# [Data for analysis]
┄┄┄┄┄┄
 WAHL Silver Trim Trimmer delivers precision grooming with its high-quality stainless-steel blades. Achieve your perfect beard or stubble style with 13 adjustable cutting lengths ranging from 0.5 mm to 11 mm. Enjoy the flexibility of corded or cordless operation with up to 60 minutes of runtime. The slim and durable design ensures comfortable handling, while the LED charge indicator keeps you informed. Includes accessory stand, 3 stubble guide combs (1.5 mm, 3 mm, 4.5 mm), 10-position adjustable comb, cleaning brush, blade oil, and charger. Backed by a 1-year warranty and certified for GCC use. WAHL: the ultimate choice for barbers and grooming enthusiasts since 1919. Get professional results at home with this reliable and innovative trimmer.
┄┄┄┄┄┄
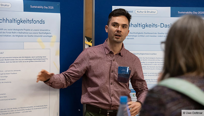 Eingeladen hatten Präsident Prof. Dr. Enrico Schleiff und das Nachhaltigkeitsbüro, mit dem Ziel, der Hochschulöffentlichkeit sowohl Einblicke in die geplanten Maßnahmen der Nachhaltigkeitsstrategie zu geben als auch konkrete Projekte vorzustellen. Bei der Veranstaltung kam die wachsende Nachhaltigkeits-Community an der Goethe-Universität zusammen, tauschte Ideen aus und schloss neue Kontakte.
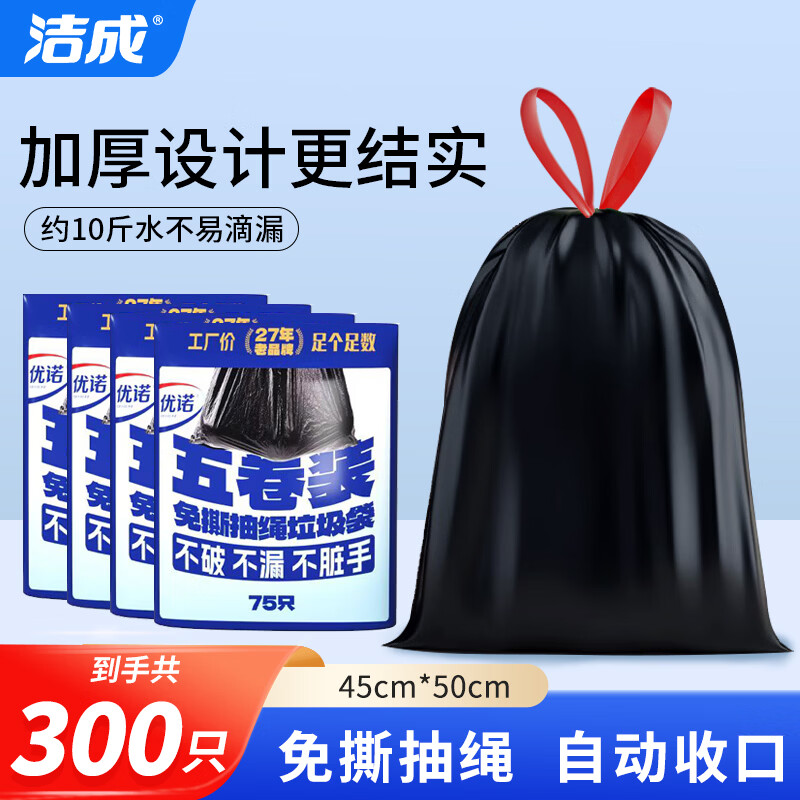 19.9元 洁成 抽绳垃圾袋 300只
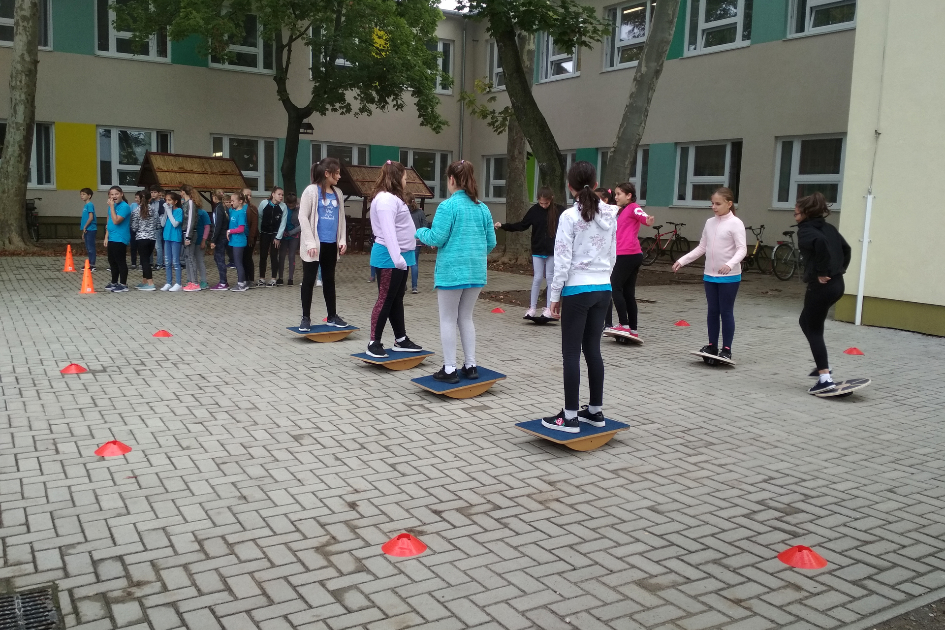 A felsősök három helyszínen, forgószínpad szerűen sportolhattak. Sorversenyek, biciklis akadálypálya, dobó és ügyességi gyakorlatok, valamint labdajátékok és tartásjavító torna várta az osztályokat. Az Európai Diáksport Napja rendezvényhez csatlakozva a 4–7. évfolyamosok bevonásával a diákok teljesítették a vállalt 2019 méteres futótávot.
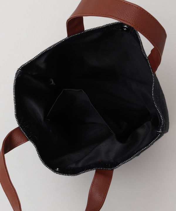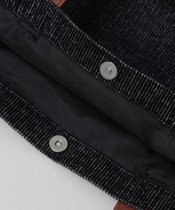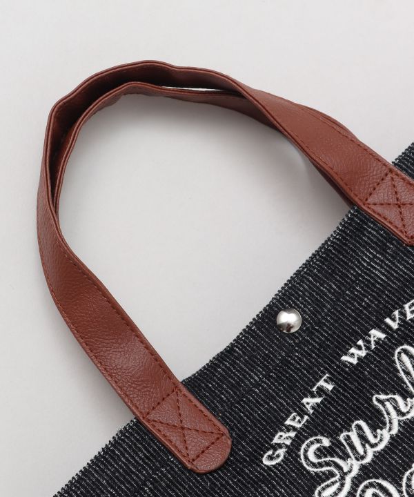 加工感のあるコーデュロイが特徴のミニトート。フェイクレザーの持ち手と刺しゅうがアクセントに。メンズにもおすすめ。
┄┄┄┄┄┄
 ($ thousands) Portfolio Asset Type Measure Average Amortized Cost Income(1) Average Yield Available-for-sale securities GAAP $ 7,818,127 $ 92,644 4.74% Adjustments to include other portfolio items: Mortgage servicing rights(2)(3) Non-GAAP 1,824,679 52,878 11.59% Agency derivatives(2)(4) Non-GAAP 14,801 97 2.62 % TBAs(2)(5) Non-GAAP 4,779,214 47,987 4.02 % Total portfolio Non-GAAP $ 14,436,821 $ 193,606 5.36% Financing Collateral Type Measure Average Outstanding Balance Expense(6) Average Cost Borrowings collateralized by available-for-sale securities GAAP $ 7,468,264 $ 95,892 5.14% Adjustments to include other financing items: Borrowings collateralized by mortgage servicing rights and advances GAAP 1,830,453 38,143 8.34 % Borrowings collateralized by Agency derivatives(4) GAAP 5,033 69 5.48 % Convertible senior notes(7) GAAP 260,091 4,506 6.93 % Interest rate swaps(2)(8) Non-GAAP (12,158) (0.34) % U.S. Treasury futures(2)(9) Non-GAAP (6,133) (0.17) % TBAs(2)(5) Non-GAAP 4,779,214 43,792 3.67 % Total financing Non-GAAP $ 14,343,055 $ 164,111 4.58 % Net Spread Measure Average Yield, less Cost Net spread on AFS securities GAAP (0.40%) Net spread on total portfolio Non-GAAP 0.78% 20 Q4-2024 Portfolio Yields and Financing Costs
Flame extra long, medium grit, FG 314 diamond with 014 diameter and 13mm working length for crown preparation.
┄┄┄┄┄┄
# [Work request]
Reproduce the entries exactly, from the line with "Eingeladen hatten Präsident" to the line with "加工感のあるコーデュロイが特", both lines included, keeping no pictures.

# [Answer section]
 Eingeladen hatten Präsident Prof. Dr. Enrico Schleiff und das Nachhaltigkeitsbüro, mit dem Ziel, der Hochschulöffentlichkeit sowohl Einblicke in die geplanten Maßnahmen der Nachhaltigkeitsstrategie zu geben als auch konkrete Projekte vorzustellen. Bei der Veranstaltung kam die wachsende Nachhaltigkeits-Community an der Goethe-Universität zusammen, tauschte Ideen aus und schloss neue Kontakte.
 19.9元 洁成 抽绳垃圾袋 300只
 A felsősök három helyszínen, forgószínpad szerűen sportolhattak. Sorversenyek, biciklis akadálypálya, dobó és ügyességi gyakorlatok, valamint labdajátékok és tartásjavító torna várta az osztályokat. Az Európai Diáksport Napja rendezvényhez csatlakozva a 4–7. évfolyamosok bevonásával a diákok teljesítették a vállalt 2019 méteres futótávot.
 加工感のあるコーデュロイが特徴のミニトート。フェイクレザーの持ち手と刺しゅうがアクセントに。メンズにもおすすめ。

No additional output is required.